Cross-Examination
“Sexual harassment creates an unequal and unsafe environment,” said Dr. Matchel.
Leslie Quinn said, “The eighteenth century didn’t have harassment laws.”
“People discussed the issue,” Dr. Matchel countered. “People were aware that masters pressured their servants,” and Leslie Quinn nodded. (“True. True.”)
“She was obviously repulsed,” Gary said.
Lonquist hooted. “Are you still going with the Pamela-as-lesbian theory?” he said, and Gary looked cross.
Mr. B said without rancor, “We only exchanged kisses. Pamela rather enjoyed them when she wasn’t remembering to be coy.”
“Says you,” Gary muttered.
To Judge Hardcastle’s surprise, out of all Gary’s remarks, this one earned a glare from Mr. B.
Mr. B snapped, “Pamela’s quite good at kissing,”
Leslie Quinn laughed. “Such noblesse oblige.”

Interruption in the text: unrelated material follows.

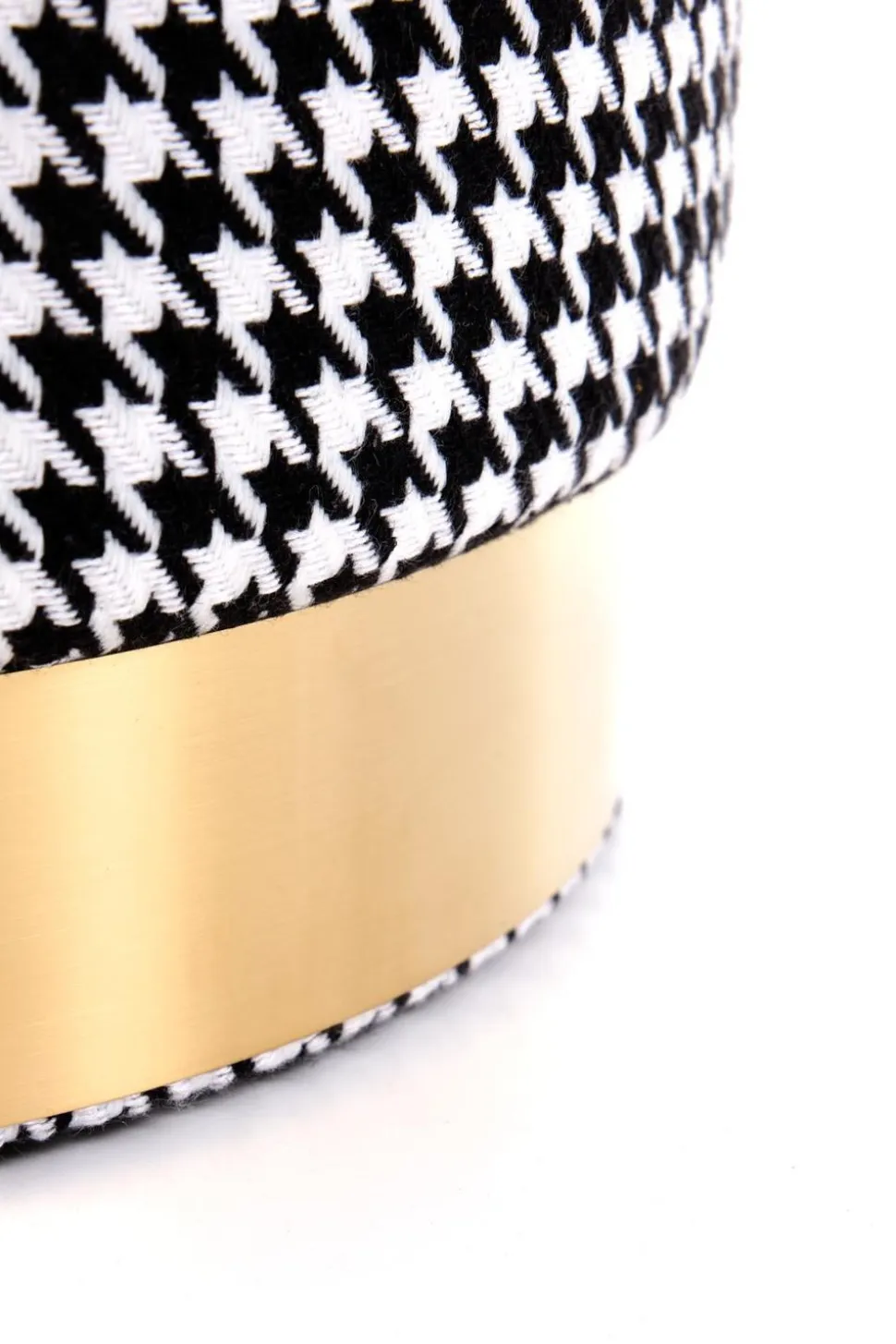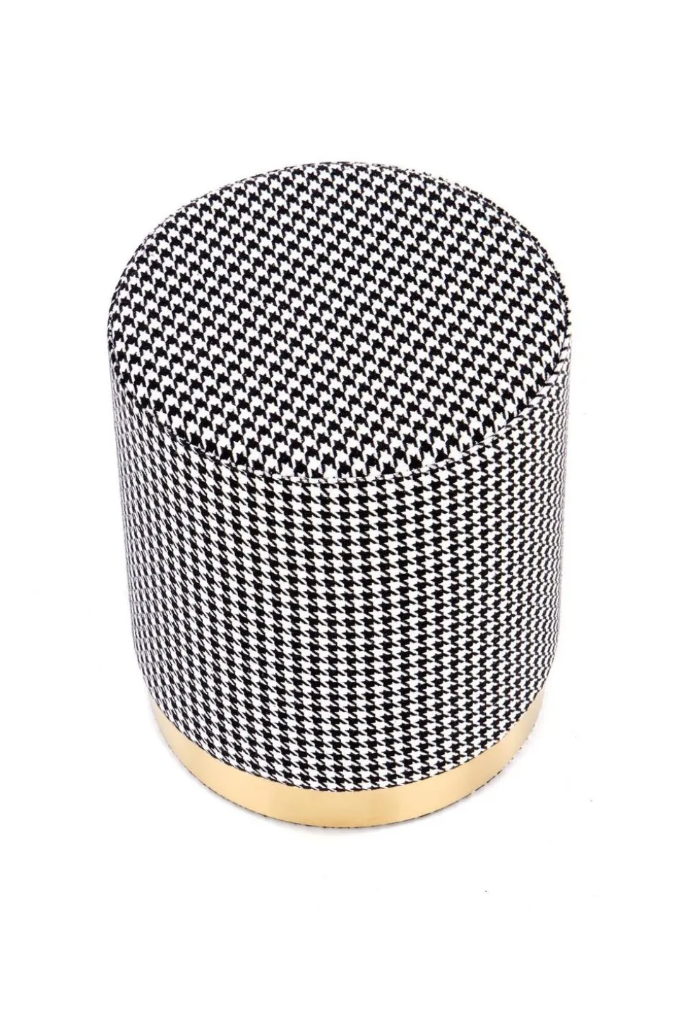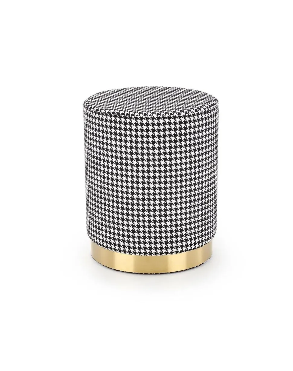 Uzyskaj nowoczesny wygląd glamour dzięki tapicerowanej pufie Ranu. Współczesny mebel ma metalową ramę w kolorze złotym i czarno-białą tapicerkę z tkaniny dla wyrafinowanego akcentu. Dodaj stylu do każdego pomieszczenia dzięki tej stylowej i wygodnej pufie od Intesi.

“Which apparently extends to defending Pamela’s amatory proficiencies,” Judge Hardcastle said, feeling a little amused and a great deal nonplussed.
Mr. B shrugged and grimaced at the windows.

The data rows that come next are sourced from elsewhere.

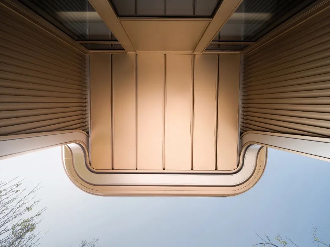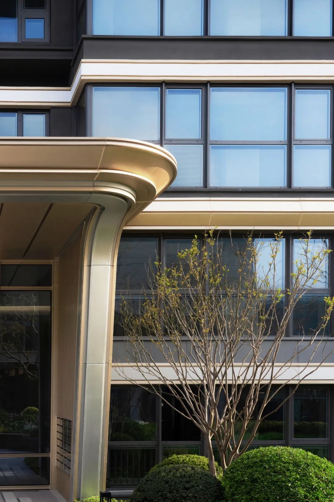 经典而有流行感的建筑气质,以深灰色质感涂料为主,香槟金色、米白色质感涂料弧形线条加以点缀,近人基座部分及屋顶构架塔冠采用香槟金铝板线条,通过高辨识度色彩搭配,和现代感材质相配合,诠释了价值感与昭示性。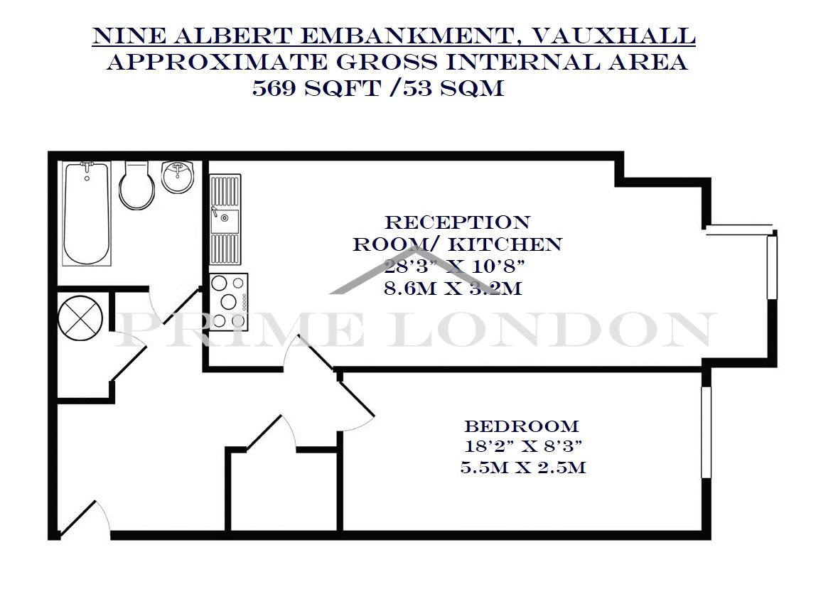 Ideally situated within a modern apartment block on Albert Embankment, this 569 sq ft(53 sqm) one bedroom fully furnished apartment is available to rent through Prime London.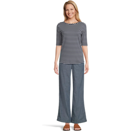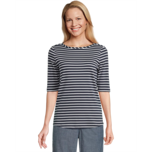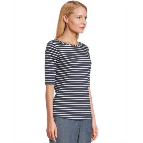 [US] L.L.Bean Womens LLBean Pima Cotton Tee Boatneck Elbow Sleeve Stripe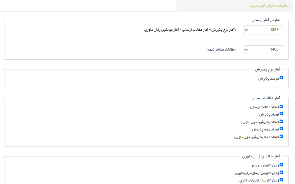 ○ آمار نشریه: تنظیمات نمایش آمار نشریه در صفحه /journal/metrics (سال شروع، نمایش نرخ پذیرش، آمار مقالات ارسالی، میانگین زمان داوری، تعداد مقالات منتشر شده و ...) را مدیریت کنید.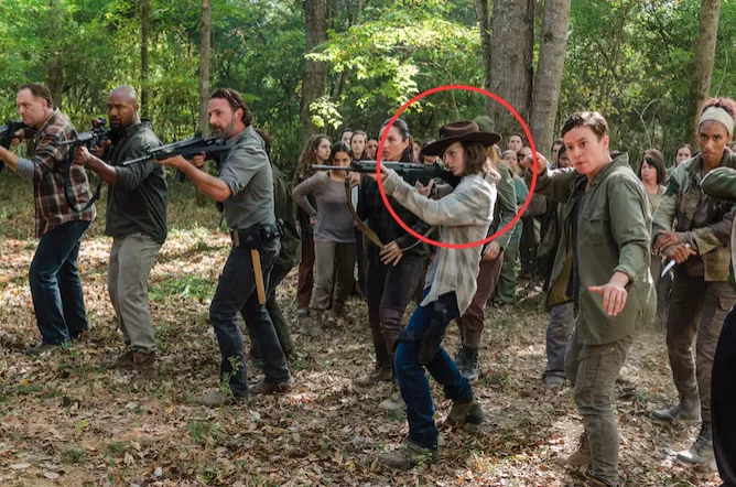 De las imágenes fijas, parecía un error obvio. Pero cuando le preguntamos al productor ejecutivo, David Alpert sobre el incidente en el Comic-Con de Nueva York, lo negó. Alpert dijo que no creía que Carl apuntara con el parche y descartó los tweets como "bastante divertidos".

Dr. Matchel said, “Pamela’s ability in this area isn’t the point,” and the judge told Mr. B to continue.
Mr. B’s Testimony Corresponding to Letters XXVIII-XXXI
The ructions in my household continued. Longman, my steward, got wind of my threat to let Mrs. Jervis go and cornered me with homages to her housekeeping. This led to another meeting between me, Mrs. Jervis, and Pamela, this time with Longman hovering in the background. I’d never intended to let Mrs. Jervis go, but I made a point of telling her she could stay.
“Pamela needs to return home,” I said.
Pamela put on her demure routine, and Longman, who is a bit of an old fool about girls, praised her delicate behavior. That annoyed me. I goaded Pamela until she snapped at me, sending Longman into a dither. Pamela instantly put on a performance worthy of the most honest of Roman matrons, declaiming she had been “faulty and ungrateful to the very best of masters.”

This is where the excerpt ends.